-- INSTRUCTIONS FOR THE TASK --
Would you reproduce every record exactly, leaving out the pictures?

(Records drawn from a dataset)
+++

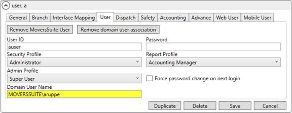 Administrators can view the Windows environment associated to the user through the Domain User Name field found on the User tab within Personnel Setup. In the example below (Figure 23), the record is authenticated through the MOVERSSUITE domain for the aruppe user. This is the domain user that the person logged into Windows using.
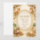Dieses charmante Wald-Baby-Shower-Design zeigt entzückende Waldtiere, die sich um einen zarten, vintage Rahmen versammeln und eine warme Szene aus einem Bilderbuch schaffen, die perfekt ist, um ein kleines Wesen auf dem Weg zu feiern. Süße Illustrationen eines Hasen, Waschbären, Eichhörnchens und einer Eule sind umgeben von winzigen Pilzen, Kiefernzapfen, Wildblumen und sanfter Waldgrünpflanzung. Die warme, neutrale Farbpalette und der sanfte Wasserfarben-Stil verleihen dem Design ein gemütliches, nostalgisches Kinderzimmer-Feeling, inspiriert von klassischen Kinderbuchillustrationen. Perfekt für naturthematische Baby-Shower-Partys, Wald-Feiern oder rustikale Waldversammlungen.
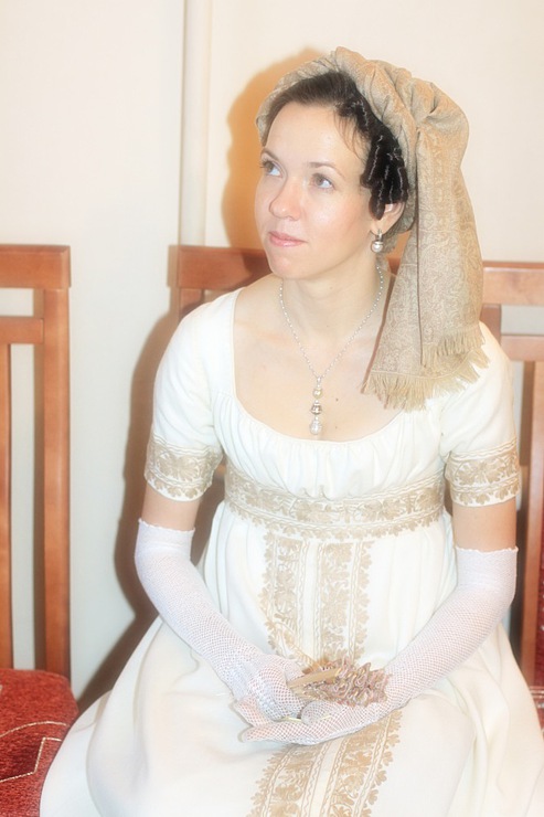 Joys Опубликовано 30 января, 2012 Поделиться #148 Опубликовано 30 января, 2012 первое платье, сшитое полностью вручную, реконструкция, можно сказатьфото, увы, пока только такие, но уж очень не терпится похвастаться были куплены 2 индийские шерстяные шали с ручной вышивкой тамбуром, размер шали 2*1м, платье уместилось с большим трудом шаль впереди собрана внахлест по кромке, сзади французский шов, а все оствльные швы закрыты подкладомно пришлось все-все-все на руках собирать, ибо оч нестабильное переплетениеЛиф - я накладывала детали из шали на детали из грации и шила как единую деталь, ничего не проклеено, дырочки для шнуровки обметаны вручную подклад лифа-хлопок, подклад юбки- шелковый фуляр прототип лифа-платье с миланской выставки Мартина Ланкастера http://costumology.livejournal.com/161953.html#cutid1 Мои работы в Контакте Ссылка на сообщение Поделиться на другие сайты Поделиться
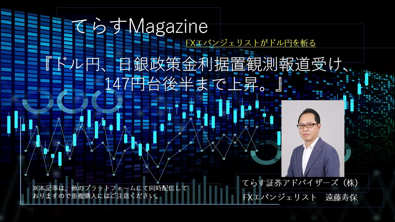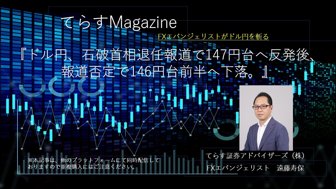 ドル円、一時145円台まで下落となるが、その後147円台まで反発。
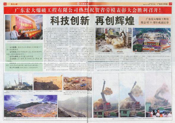 广州体育馆爆破拆除工程(2001年) 工程创新点 创造了当时全国一次爆破面积最大的记录,号称“中国第一爆”。 在国内首先提倡环保清洁拆除爆破,租用2架直升飞机高空洒水除尘。 该爆破史无前例的让中央电视台开辟了现场直播室,并连续15天跟踪报道,吸引了海内外70多家媒体聚集在广州,造成了巨大社会影响。 该...

+++

-- TASK ANSWER --
 Administrators can view the Windows environment associated to the user through the Domain User Name field found on the User tab within Personnel Setup. In the example below (Figure 23), the record is authenticated through the MOVERSSUITE domain for the aruppe user. This is the domain user that the person logged into Windows using.
Dieses charmante Wald-Baby-Shower-Design zeigt entzückende Waldtiere, die sich um einen zarten, vintage Rahmen versammeln und eine warme Szene aus einem Bilderbuch schaffen, die perfekt ist, um ein kleines Wesen auf dem Weg zu feiern. Süße Illustrationen eines Hasen, Waschbären, Eichhörnchens und einer Eule sind umgeben von winzigen Pilzen, Kiefernzapfen, Wildblumen und sanfter Waldgrünpflanzung. Die warme, neutrale Farbpalette und der sanfte Wasserfarben-Stil verleihen dem Design ein gemütliches, nostalgisches Kinderzimmer-Feeling, inspiriert von klassischen Kinderbuchillustrationen. Perfekt für naturthematische Baby-Shower-Partys, Wald-Feiern oder rustikale Waldversammlungen.
 Joys Опубликовано 30 января, 2012 Поделиться #148 Опубликовано 30 января, 2012 первое платье, сшитое полностью вручную, реконструкция, можно сказатьфото, увы, пока только такие, но уж очень не терпится похвастаться были куплены 2 индийские шерстяные шали с ручной вышивкой тамбуром, размер шали 2*1м, платье уместилось с большим трудом шаль впереди собрана внахлест по кромке, сзади французский шов, а все оствльные швы закрыты подкладомно пришлось все-все-все на руках собирать, ибо оч нестабильное переплетениеЛиф - я накладывала детали из шали на детали из грации и шила как единую деталь, ничего не проклеено, дырочки для шнуровки обметаны вручную подклад лифа-хлопок, подклад юбки- шелковый фуляр прототип лифа-платье с миланской выставки Мартина Ланкастера http://costumology.livejournal.com/161953.html#cutid1 Мои работы в Контакте Ссылка на сообщение Поделиться на другие сайты Поделиться
 ドル円、一時145円台まで下落となるが、その後147円台まで反発。
 广州体育馆爆破拆除工程(2001年) 工程创新点 创造了当时全国一次爆破面积最大的记录,号称“中国第一爆”。 在国内首先提倡环保清洁拆除爆破,租用2架直升飞机高空洒水除尘。 该爆破史无前例的让中央电视台开辟了现场直播室,并连续15天跟踪报道,吸引了海内外70多家媒体聚集在广州,造成了巨大社会影响。 该...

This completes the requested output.